#### [Work request]
Whenever a picture appears in the data, skip it and write out all other material exactly.
START Recorded information
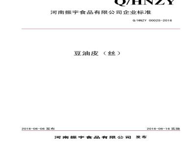 QHNZY 0002 S-2016 河南振宇食品有限公司 豆油皮(丝)
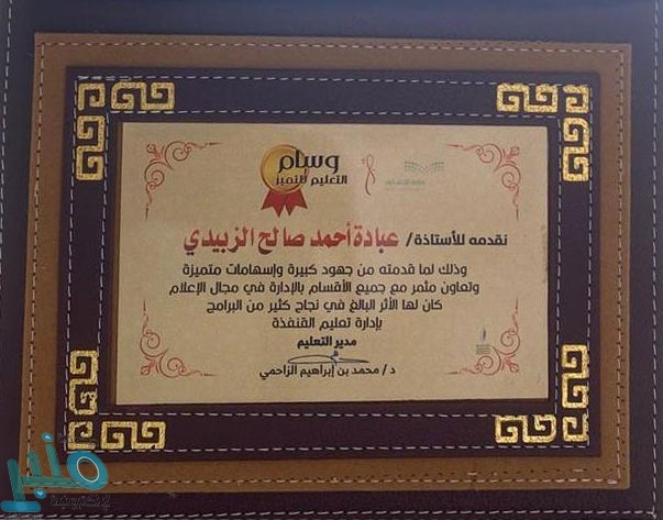 حصلت الأستاذة عبادة أحمد الزبيدي مساعدة مدير الإعلام والاتصال بإدارة تعليم القنفذة على وسام التعليم للتميز، وذلك نظير ما قدمته من جهود كبيرة وتعاون مثمر في جميع الأقسام بالإدارة في مجال الإعلام، كان لها الأثر البالغ في كثير من برامج تعليم القنفذة.
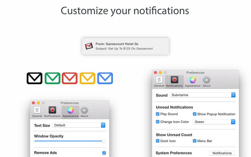 Go for Gmail for Mac支持通过Mac的菜单栏即时访问Gmail帐户,邮件消息以声音和颜色标注通知。软件提供两种视图模式选择,可以调整窗口的透明度和大小。新邮件通知会和系统通知一样以弹窗形式出现。Go for Gmail for Mac完全支持Mac OS X的操作手势,为最新的OS X 10.10特别优化。另外,提供自定义的字体大小修改,热键,画外音的辅助功能,结合赏心悦目的界面和软件设计。软件提供定期的免费更新。
END Recorded information
#### [Expected answer]
 QHNZY 0002 S-2016 河南振宇食品有限公司 豆油皮(丝)
 حصلت الأستاذة عبادة أحمد الزبيدي مساعدة مدير الإعلام والاتصال بإدارة تعليم القنفذة على وسام التعليم للتميز، وذلك نظير ما قدمته من جهود كبيرة وتعاون مثمر في جميع الأقسام بالإدارة في مجال الإعلام، كان لها الأثر البالغ في كثير من برامج تعليم القنفذة.
 Go for Gmail for Mac支持通过Mac的菜单栏即时访问Gmail帐户,邮件消息以声音和颜色标注通知。软件提供两种视图模式选择,可以调整窗口的透明度和大小。新邮件通知会和系统通知一样以弹窗形式出现。Go for Gmail for Mac完全支持Mac OS X的操作手势,为最新的OS X 10.10特别优化。另外,提供自定义的字体大小修改,热键,画外音的辅助功能,结合赏心悦目的界面和软件设计。软件提供定期的免费更新。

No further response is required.